━━━━━ Material provided ━━━━━

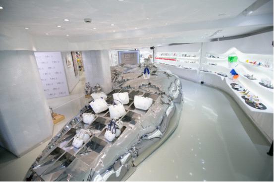 空间内部的陈设,也紧密贴合整体构思。一楼是博物馆和珠宝的结合,二楼则是多功能生活空间——融合了金属质感的装置艺术、抽象裂纹展示柜、水吧,还有1000多件全球顶尖匠人手工打造、从日常生活的审美意识中提炼而成的艺术典藏。徜徉其间,你会感受到I Do品牌对于生活方式的理解,也能认知到一个品牌所能提供的最有趣的购物体验。
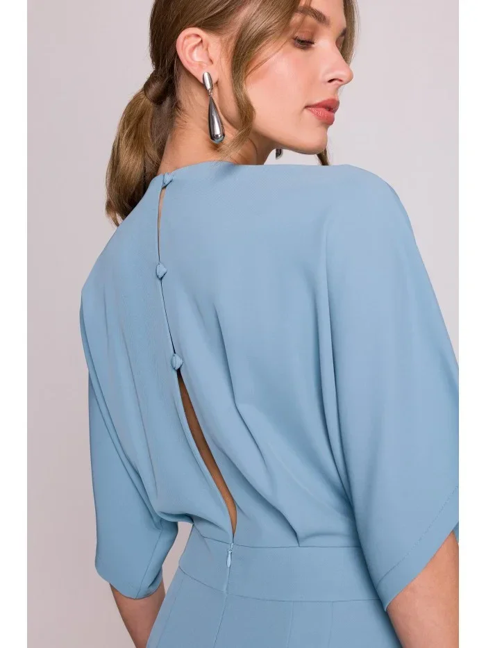 Přidání recenze k S395 Kombinéza s širokými nohavicemi a zavinovacím výstřihem - nebesky modrá
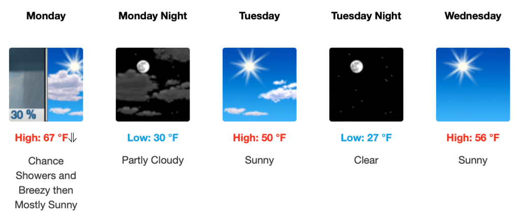 Monday’s high of 67 degrees will drop to overnight lows around 30 degrees. The forecast calls for 15-20 mph winds and up to 30 mph gusts that will result in wind chills between 20-25 degrees Monday night.
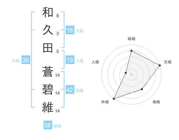 和久田 蒼碧維さんの外格は39画の5点!
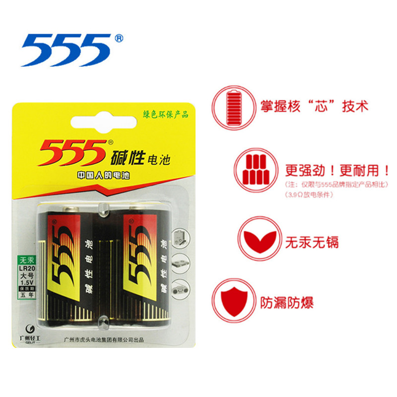 555 Card 1 Number of batteries 2 Grain Size 1 alkalis LR20 Large size size D Type 1 5V flashlight Flashlight Recorder dry battery
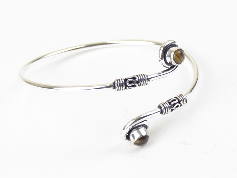 Jemné zpracování náramku z Indie Vás zaujme svým jemným zpracováním a zdobením.Nad sebou jsou dvě zatočené spirálky, do kterých jsou vsazeny malinké kulaté polodrahokamy tygří oka. Náramek je vyroben z obecného bílého kovu. Velikost, díky otevřenému tvaru, lze přizpůsobit.
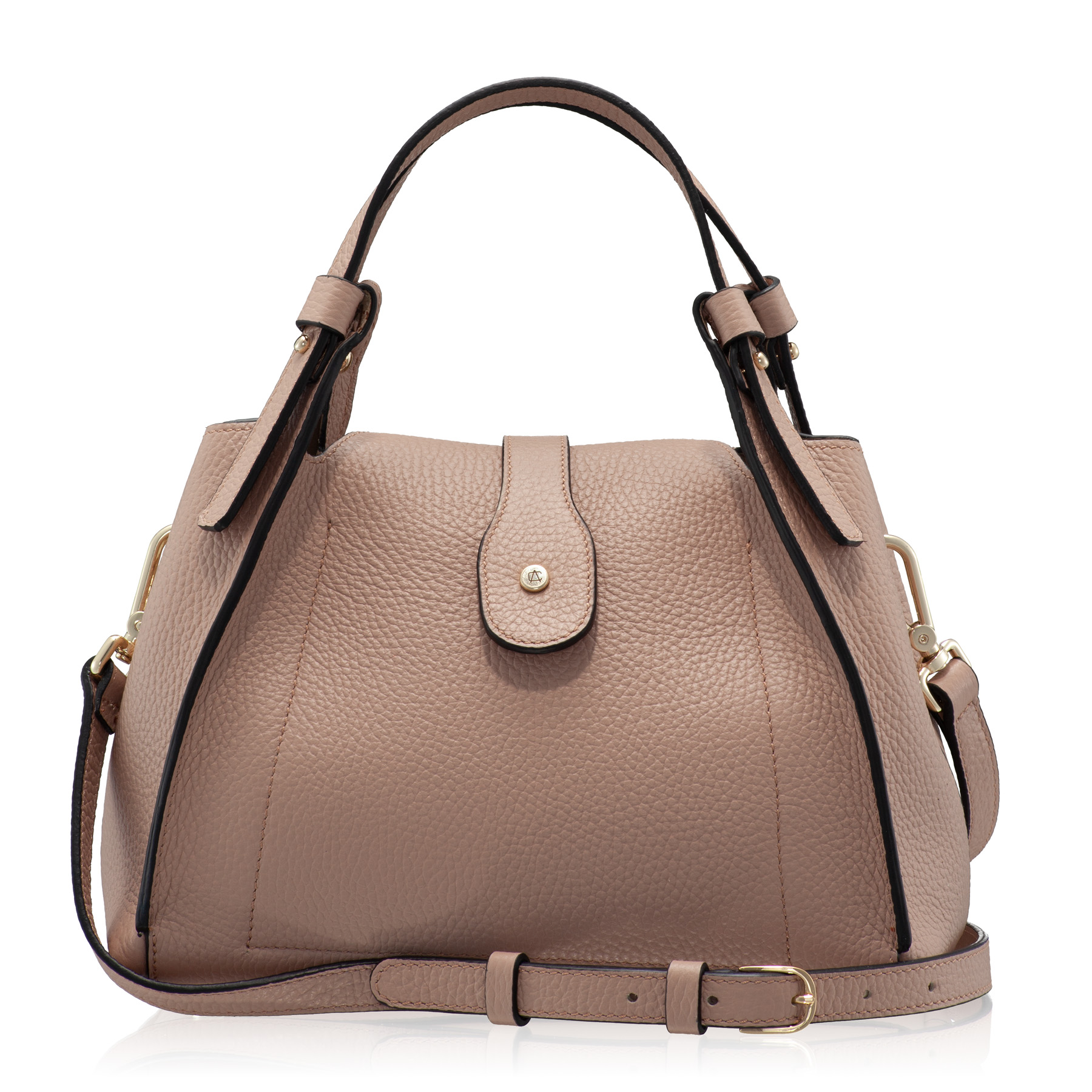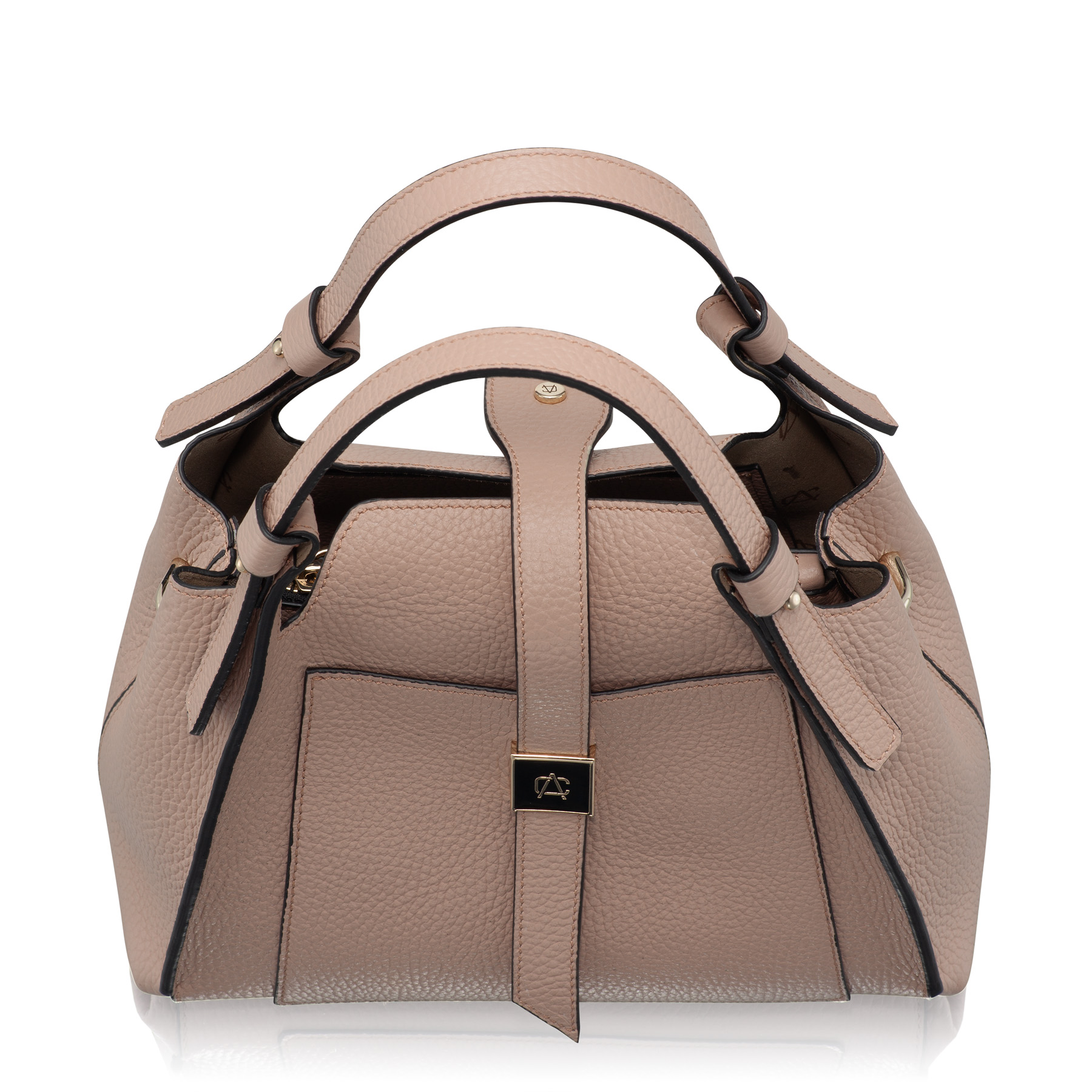 Crafted from high-quality genuine leather, this handbag stands out with its durable bottalato texture and sophisticated design. It features two interior compartments, an interior zip pocket, and a front exterior pocket.

━━━━━

No pictures belong in the copy; output every record exactly.

Result of this task
 空间内部的陈设,也紧密贴合整体构思。一楼是博物馆和珠宝的结合,二楼则是多功能生活空间——融合了金属质感的装置艺术、抽象裂纹展示柜、水吧,还有1000多件全球顶尖匠人手工打造、从日常生活的审美意识中提炼而成的艺术典藏。徜徉其间,你会感受到I Do品牌对于生活方式的理解,也能认知到一个品牌所能提供的最有趣的购物体验。
 Přidání recenze k S395 Kombinéza s širokými nohavicemi a zavinovacím výstřihem - nebesky modrá
 Monday’s high of 67 degrees will drop to overnight lows around 30 degrees. The forecast calls for 15-20 mph winds and up to 30 mph gusts that will result in wind chills between 20-25 degrees Monday night.
 和久田 蒼碧維さんの外格は39画の5点!
 555 Card 1 Number of batteries 2 Grain Size 1 alkalis LR20 Large size size D Type 1 5V flashlight Flashlight Recorder dry battery
 Jemné zpracování náramku z Indie Vás zaujme svým jemným zpracováním a zdobením.Nad sebou jsou dvě zatočené spirálky, do kterých jsou vsazeny malinké kulaté polodrahokamy tygří oka. Náramek je vyroben z obecného bílého kovu. Velikost, díky otevřenému tvaru, lze přizpůsobit.
 Crafted from high-quality genuine leather, this handbag stands out with its durable bottalato texture and sophisticated design. It features two interior compartments, an interior zip pocket, and a front exterior pocket.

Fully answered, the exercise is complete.